Child care workers -- One key element of Warren's plan is to pay these child care workers similarly to teachers.
There were more than 1.2 million child care workers in the US in 2017, according to the Bureau of Labor Statistics, including those working in child care centers as well as in private homes. They made a median $22,290 per year and about $10.72 per hour. The US also has about 478,500 preschool teachers, according to BLS, and they made slightly more, a median of $28,990 per year.
Kindergarten and elementary school teachers made more than twice what child care workers made in 2017 -- $56,900 per year was the median salary in 2017. So they would, theoretically, be in for a big raise. But being a child care provider usually requires no college degree, while being a preschool teacher might require an associate's degree and being a teacher usually requires at least a college degree.
It's not clear if Warren's plan would supersede the existing patchwork of state licensing requirements, or if it would simply raise the pay scale for child care providers without any additional qualifications required.
How would it work?
There is not currently a grand scale model in the US for universal child care. We're talking new care for literally millions of children.
In total, the federal government already spends about $15 billion on early childhood education, according to a Government Accountability Office analysis. It also heavily subsidizes child care for military service members both on and off base.
Warren's program would more than quadruple that sum, initially by expanding Head Start. That's the federal program for early childhood education of low-income children, and Warren's plan to build out from Head Start would be instantly controversial.
In 2017, Head Start served nearly 900,000 children at a cost of $8.8 billion. Warren's plan could open Head Start to all children.
Ramping up a new infrastructure of child care centers with highly paid workers wouldn't happen overnight. Zandi's analysis suggests it would take at least two years.
Additionally, it could require many, many more workers. The federal government suggests a ratio of not less than one trained adult for every three or four infants and three to six toddlers up to age 2. Preschool can begin at the age of 3, when the suggested ratio is one adult for six to 10 pre-schoolers.
Regulations vary by state, which means the cost of the program would also vary by state.
Then there are questions about whether Head Start is the right model at all. Zandi refers to Head Start as a successful program in his analysis of Warren's plan, but that is far from a universal opinion. Some experts, like Diane Whitmore Schanzenbach and Lauren Bauer at Brookings, have argued the program is effective and helpful.
Lindsey Burke, the director for education policy at the conservative Heritage Foundation, has dubbed Head Start a total failure because it has been difficult to quantify its long-term benefit for students.
"Increasing subsidies for early childhood care will just create a new program that likely ends up benefiting middle- and upper-income families," she said.

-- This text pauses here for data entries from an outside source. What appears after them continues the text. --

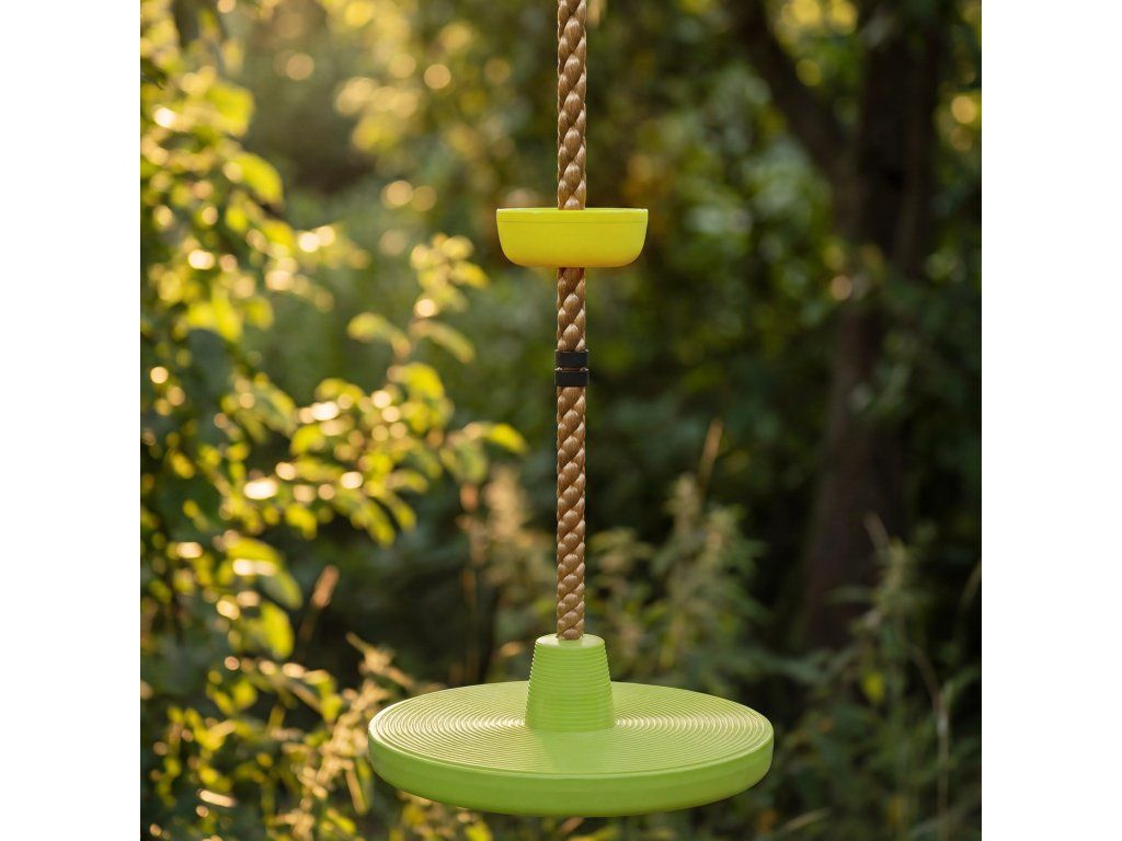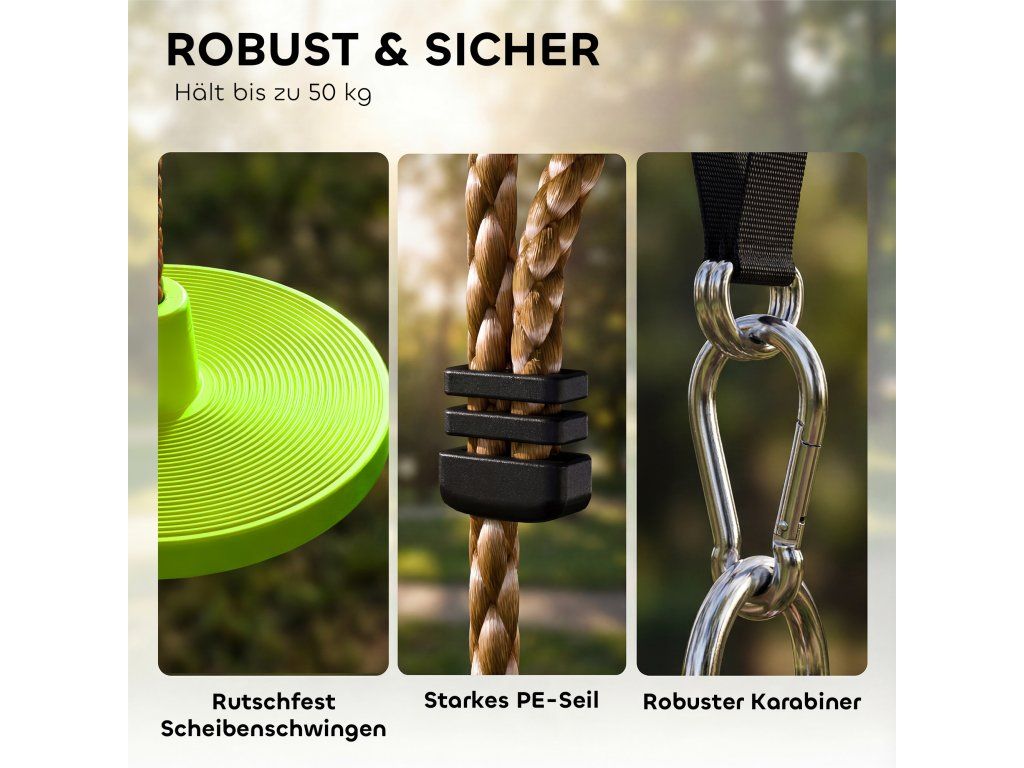 Robustní konstrukce: Kulatá houpačka o průměru 30 cm, čtyři lezecké stupačky o průměru 11 cm, odolné lano z HDPE a PE, nosnost až 50 kg, odolné a stabilní pro venkovní zábavu.
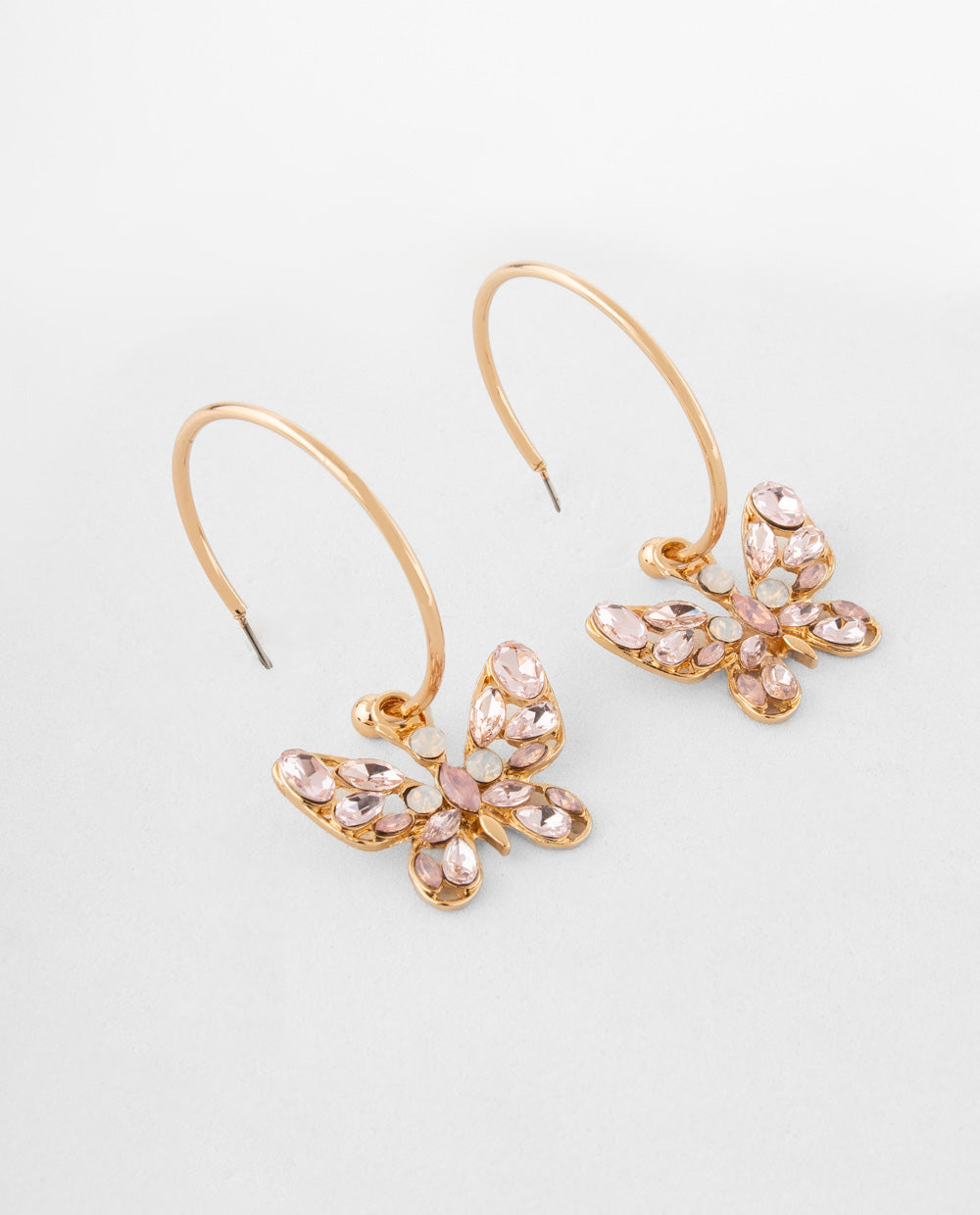 Aretes argollas en forma de mariposa con acabado nacarado y gancho circular delgado.
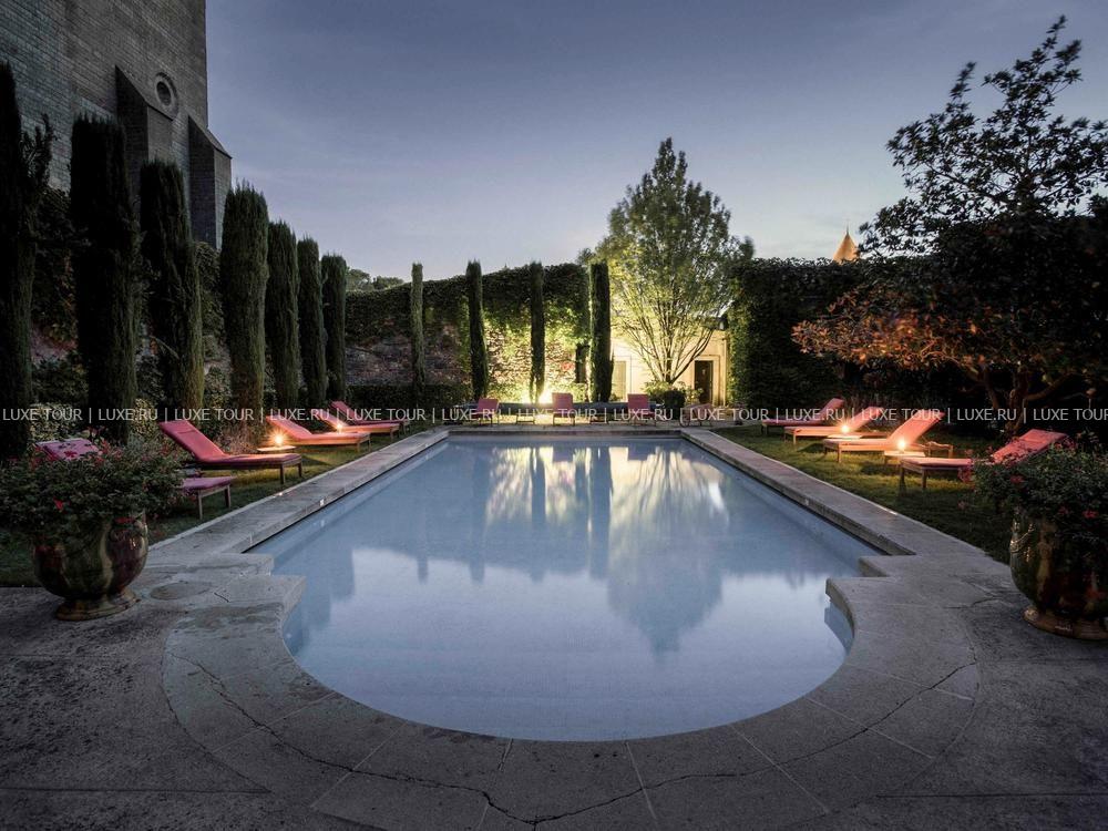 Летний ресторан Le Jardin de l'Eveque открыт с 1 июня по 30 сентября и приглашает гостей насладиться блюдами в полутени деревьев.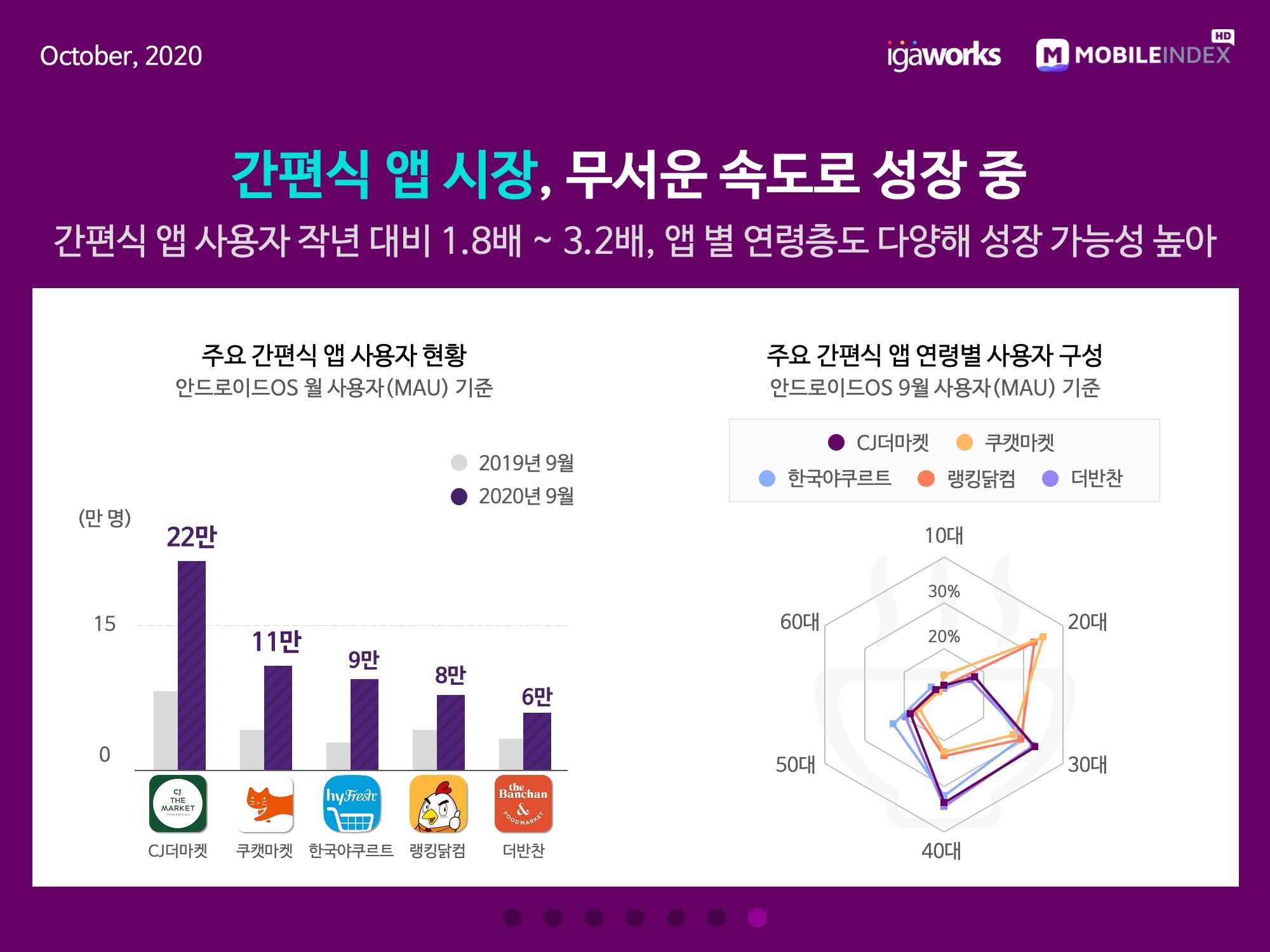 식료품 앱 시장의 성장을 견인한 1등 공신은 ‘신선식품’과 ‘간편식’ 앱이었다. 9월 기준, 신선식품 앱 사용자수는 214만 8,565 명으로 전년 동기 대비 76% 늘었고, 간편식 앱 사용자수는 64만 7,715 명을 기록하며 지난해 보다 120% 급증한 것으로 분석됐다.
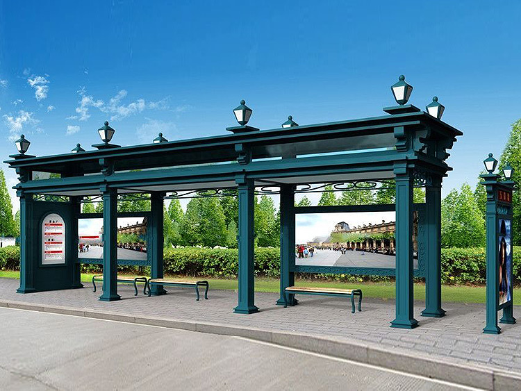 公交車候車亭一般是與公交站牌相配套的,為方便公交乘客候車時遮陽、防雨等,在車站、道路兩旁或綠化帶的港灣式公交?空旧辖ㄔO的交通設施。由于城市公交的日益發達,候車亭已發展成為城市一個不可或缺的重要組成部分,設計精美的候車亭也成為了城市一道美麗的風景。 一般候車亭棚體主要頂棚、立柱、頂弓、廣告燈箱和坐凳組成,也有用隔板來代替廣告燈箱的。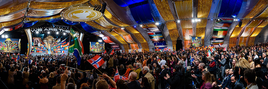 Het evenement van vrijdagavond doorkruiste de volledige inboedel van humanitaire prestaties in het afgelopen jaar, en richtte zich op de vermaarde door de IAS-gesponsorde initiatieven, wat begon met een treffend overzicht van de inspanningen om misstanden in de geestelijke gezondheidszorg uit te roeien, door de Citizens Commission on Human Rights (CCHR). Terwijl de avond zich ontvouwde, kwamen er opwindende verhalen te boven, die de Drugs-Vrije Wereld belichten en haar vlijmscherp Feiten over Drugs onderwijsprogramma; United for Human Rights, die de vlam aanwakkeren van de Universele Verklaring voor de Rechten van de Mens; De Weg naar een Gelukkig Leven, wat fatsoen en broederschap herstelt onder de mensheid door middel van de 21 universele morele leefregels; en de beantwoording van de oproep van nood door de Scientology Pastoraal Werkers, die helpen in kwesties die variëren van alledaagse conflicten tot verwoestende natuurrampen. Elk programma werd als een krachttoer gepresenteerd, en liet het effect zien op individuele levens waar ze ook heengingen, wat overal is.

That has been a criticism of the greatly increased federal tax credit for children, implemented in the 2017 tax reform, which gives parents a $2,000 credit for each child instead of $1,000. Those are also essentially subsidies given at the end of the tax year, however, and not up-front help as parents seek care for their kids.
"Taxpayers want to keep more of their hard-earned money and make these decisions for themselves," said Burke.
Whether that is true will very much become part of the debate in the Democratic primary, however. It is certainly true that Warren is adding a new element to the political conversation.